Brief:
The U.S. Nuclear Regulatory Commission is set to unveil a proposed rule on October 31, introducing a novel risk-informed, technology-inclusive, performance-based licensing pathway specifically tailored for advanced nuclear reactors, as noted in a pre-publication notice for the upcoming Federal Register.
This new pathway, identified as 10 CFR Part 53, modifies the existing regulatory landscape by discarding a second proposed framework and eliminating the quantitative health objectives (QHOs) previously associated with nuclear plant risk assessments, according to the NRC’s disclosures.
- This transformation under Part 53 is projected to yield substantial financial savings—between $53.6 million and $68.2 million for each license applicant—when compared to the traditional Part 50 and Part 52 paths, while simultaneously enhancing stability, clarity, and flexibility within the regulatory framework, based on a draft analysis conducted by the NRC.
Insight:
“A successful implementation of Part 53 is anticipated to revolutionize the efficiency of licensing and oversight for advanced reactors, paving the way for a robust deployment of nuclear energy essential to achieving the nation’s climate, energy, economic, and national security objectives,” remarked Marc Nichol, the Nuclear Energy Institute’s Director of New Nuclear, in an email exchange.
The Nuclear Energy Innovation and Modernization Act, which earned sweeping bipartisan support from Congress and was enacted in January 2019, obliges the NRC to finalize the Part 53 rulemaking by the end of 2027. Despite encountering about a year of setbacks earlier in the process, Patrick White, Research Director at the Nuclear Innovation Alliance, expressed confidence that the agency could meet this timeline comfortably.
Earlier this year, in March, NRC commissioners instructed agency staff to overhaul a prior iteration of the Part 53 rule.
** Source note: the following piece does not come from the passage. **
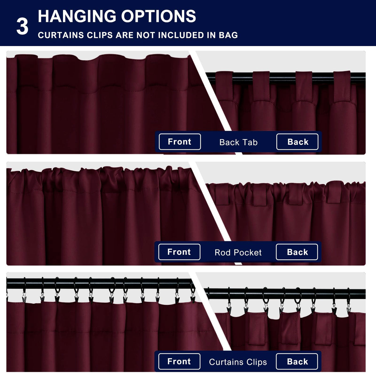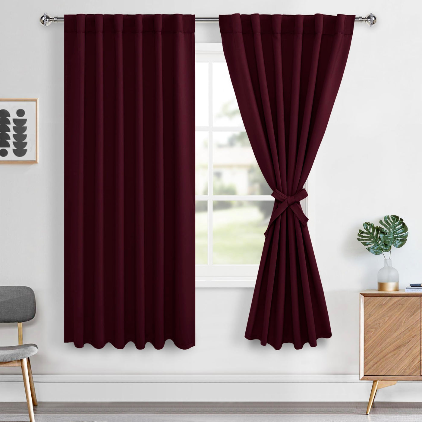 Hiasan Christmas Curtains 63 Inch Long Sewn With Tiebacks, Rod Pocket & Back Tab Blackout Thermal Insulated Burgundy Red Drapes,
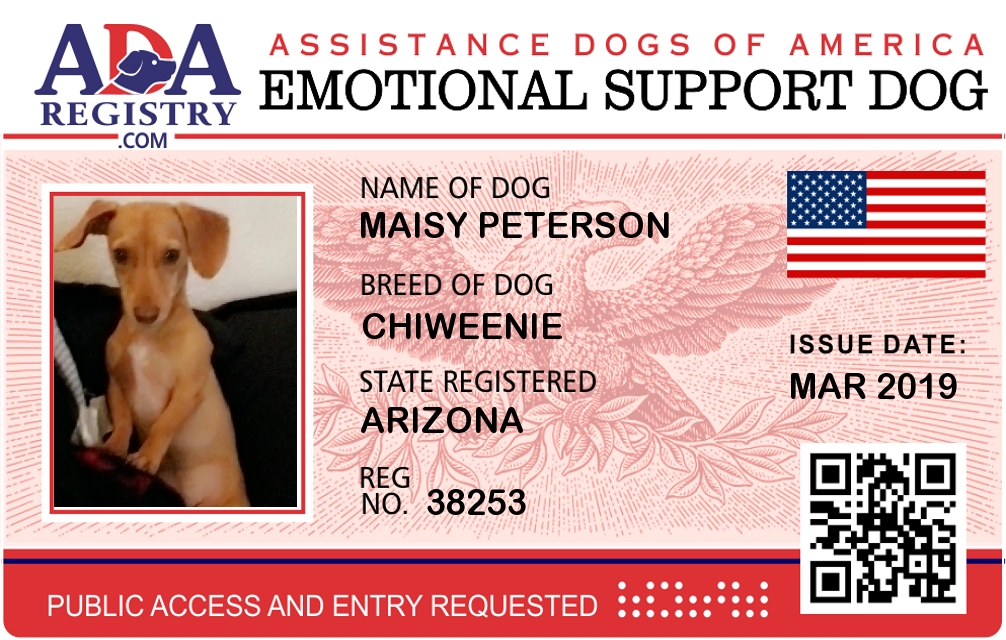 Emotional Support Dog Registration for Maisy Peterson

Over the ensuing six months, NRC personnel have worked diligently to fulfill 15 specific directives laid out in the March 4 memorandum.
Noteworthy revisions in the proposed rule include the eradication of the redundant second regulatory framework—dubbed Framework B—and the removal of quantitative health objectives that previously guided assessments of potential human health risks associated with nuclear facilities.
The initial existence of Framework B raised alarms due to its overlap with existing rules, creating confusion and complexity, as noted by White. While Framework A represented a risk-informed methodology crafted during a comprehensive licensing modernization drive, Framework B merely mirrored conventional licensing practices, albeit with an intent to remain technology-neutral.
According to the IRS memo from March 4, staff were granted a year to explore three avenues for reconceptualizing the now-abandoned Framework B: integrating its principles into existing Parts 50 and 52, using it as an independent segment of 10 CFR, or “constructing a less prescriptive regulation that would offer guidance similar to Framework B.”
Industry insiders viewed the original QHO stipulations as a limitation on the flexibility of licensing applicants’ safety assessments. “Although this metric provides a pathway to demonstrate safety, it isn’t the sole method available,” White explained. He continued, “Designing a power plant that ensures safety is entirely feasible without adhering strictly to these design stipulations.”
Rather than mandating that all applicants adhere to QHO requirements, the redefined Part 53 aims to instruct license seekers to “develop a comprehensive plant risk metric (or set of metrics) and outline the pertinent methodology employed to validate that their design aligns with these metrics,” according to the staff memo.
While these proposed metrics and methodologies alone may not suffice to prove adequate safety, additional health and safety standards will remain applicable. The modification abolishing QHO requirements aims to “forge a more adaptable regulatory environment, allowing applicants to demonstrate compliance with comprehensive safety evaluations without being bound to a specific set of protocols,” White elaborated.
This strategic pivot embodies the overarching aim of Part 53: to establish a regulation adaptable to any technology, facilitating effective governance over the new generation of reactors.
However, with a protracted rulemaking process still on the horizon, proactive advanced reactor developers are currently navigating existing licensing channels for their inaugural projects. For instance, Oklo is opting for a "custom combined licensing process," while TerraPower is seeking separate construction and operational licenses through the traditional Part 50 route.
The evolution of Part 53 will be a gradual process, mirroring the histories of Parts 50 and 52, with its long-term viability hinging on its practical effectiveness compared to these established frameworks, White noted.
“No regulation is expected to be flawless upon its initial publication… but if clear benefits are absent, many applicants may prefer to continue utilizing Parts 50 or 52,” he candidly stated.
The issuance of the Part 53 proposed rule will initiate a public consultation period lasting a minimum of 60 days, potentially extending into the next year at the NRC’s discretion, White indicated. Following this, NRC staff will assess the feedback received and work towards a definitive rule.